On each input character:

1. Every active thread advances: each thread’s state set is updated by taking transitions on the current character.
2. A new thread is added for a match attempt starting at the current position (initialized to the NFA’s start state).
3. Any thread whose state set has become empty, meaning no NFA states remain and no further match is possible, is retired. If that thread ever reached an accepting state, the span from its start position to its last accepting position is a completed match, and that token is emitted.

The non-overlapping semantics are enforced by priority: a thread started at an earlier position takes precedence over one started later. If two threads would produce overlapping matches, the earlier-starting one wins. When a thread is retired having seen an accept state, the algorithm advances the “scan position” past that match, suppressing any threads that started within the matched span.

Each input character is processed by each active thread, and each thread dies when the NFA can no longer advance from that start position. The number of simultaneously active threads is bounded by the length of the longest possible match for the given pattern, which is a constant for a fixed pattern. Total work: O(n * |NFA|). No character is processed more than |NFA| times, and |NFA| is proportional to the pattern length.

This is essentially the observation that Thompson NFA simulation already implicitly explores all continuations from a given state set. When you start a new thread at position i, you are adding the NFA’s initial state to the current simulation. The simulation then naturally carries this state forward alongside all the other states already active from earlier start positions. The “multi-start” framing is almost a restatement of what Thompson simulation already does; the contribution is recognizing that this is exactly the structure needed to solve the all-longest-matches problem, and formalizing when to emit a token.

Where This Sits in the Ecosystem

The Rust regex crate exposes this behavior through find_iter, which returns an iterator over all non-overlapping leftmost-longest matches for a single pattern. Under the hood it uses a lazy DFA with a Thompson NFA fallback. The regex-automata sub-crate exposes a lower-level PikeVM that is closer to the multi-start simulation described here. For multiple patterns, the picture gets more complicated: RegexSet reports which patterns match but not positions; aho_corasick handles the multi-literal case efficiently; a full multi-pattern lexer still typically needs DFA construction.

Hyperscan, Intel’s regex library designed for network packet inspection, takes yet another approach: it reports all end positions where any pattern ends, using SIMD acceleration and a mix of NFA and DFA representations. Its semantics are different (report all match endpoints, not just longest), but it demonstrates that the space of regex execution models is larger than the PCRE vs. RE2 binary.

For people writing lexers in languages without a mature lexer generator, or with regex patterns complex enough to stress DFA construction, an NFA-based all-longest-matches engine is a cleaner primitive than either “run find in a loop” or “build a possibly-enormous DFA.” The algorithm is implementable in a few hundred lines and requires no build-time compilation step.

The Broader Point

The “linear-time regex” story that Cox popularized is important and underappreciated. But it describes a specific operation, find, under specific semantics (leftmost match). Real text processing pipelines need more: scanners that partition input into tokens, multi-pattern matchers that emit different results for different patterns, engines that handle Unicode grapheme clusters or normalization. Each additional requirement is a separate algorithmic problem that may or may not be solved by the “standard” linear-time guarantee.

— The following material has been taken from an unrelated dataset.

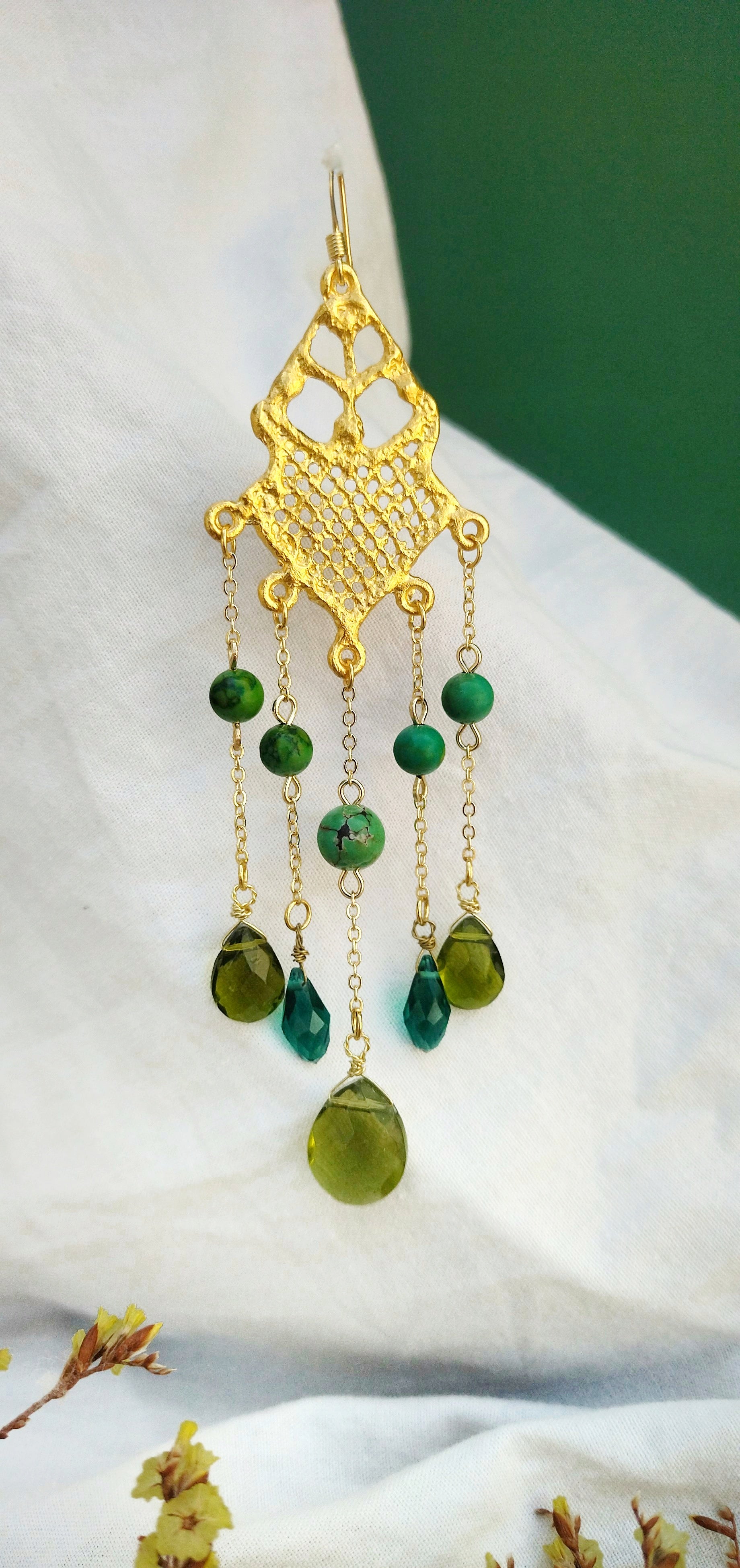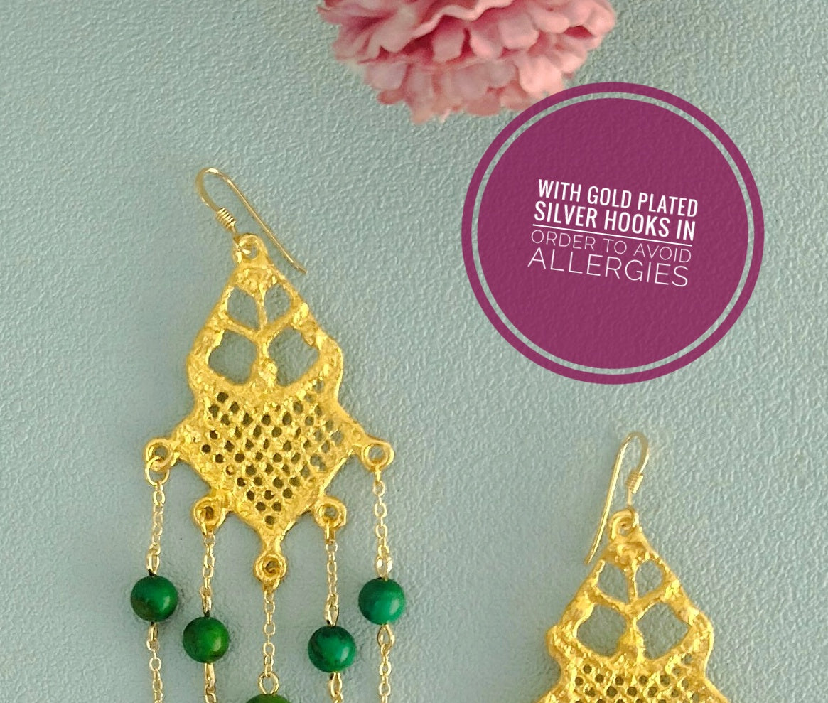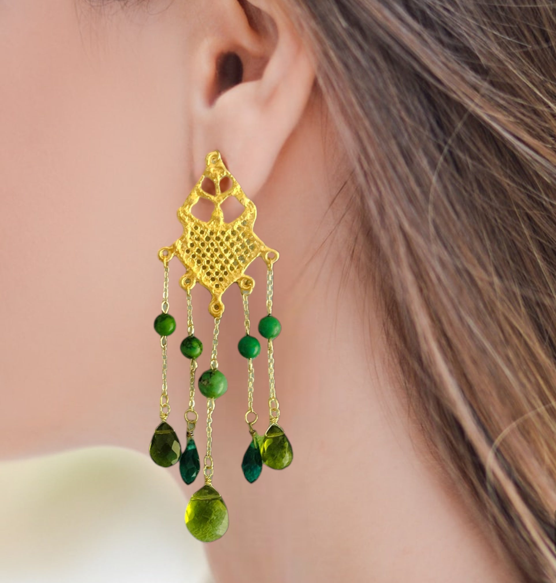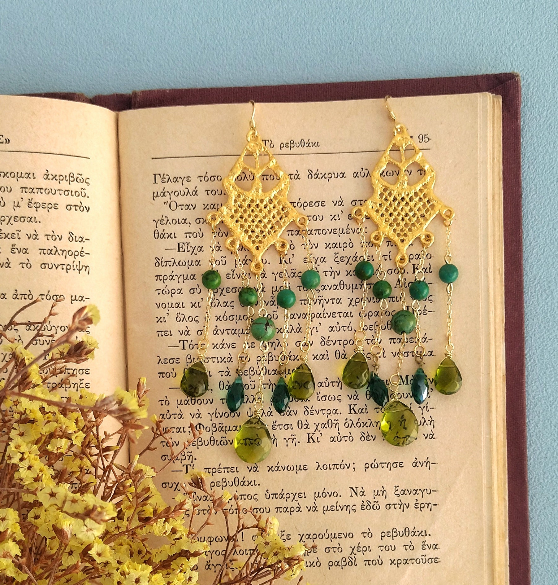 Tα δαντελωτά μας σκουλαρίκια είναι βγαλμένα μέσα από την ελληνική μας παράδοση. Φτιαγμένα από ορείχαλκο, επιχρυσωμένο με 24 καράτια χρυσό και διακοσμημένα με ημιπολύτιμες πέτρες χαολίτη και πράσινα κρύσταλλα. Εμπνευσμένα από τα σεμεδάκια και τα κεντήματα της μαμάς τα οποία πάντα με μάγευαν. Τόση προσοχή στη λεπτομέρεια, τόση ομοιομορφία, σαν κύματα από κλωστές! Θέλοντας λοιπόν να τιμήσουμε αυτή την δεξιοτεχνία μαζί με την αγαπημένη Effie Smyri, δώσαμε νέα ζωή στα σεμεδάκια της μαμάς και της γιαγιάς. Και συνδυάζοντας τα με ημιπολύτιμες πέτρες και κρυστάλλους φτιάξαμε τη νέα μας συλλογή!

Vatne’s article is worth reading precisely because it is careful about this. It does not claim to generalize the linear-time guarantee to all regex operations; it identifies one specific gap, the all-longest-matches case, proves that it can be filled within the NFA simulation framework, and shows the algorithm. That kind of precise contribution, without overstating what it achieves, is the kind of writing that makes theoretical results actually useful to practitioners.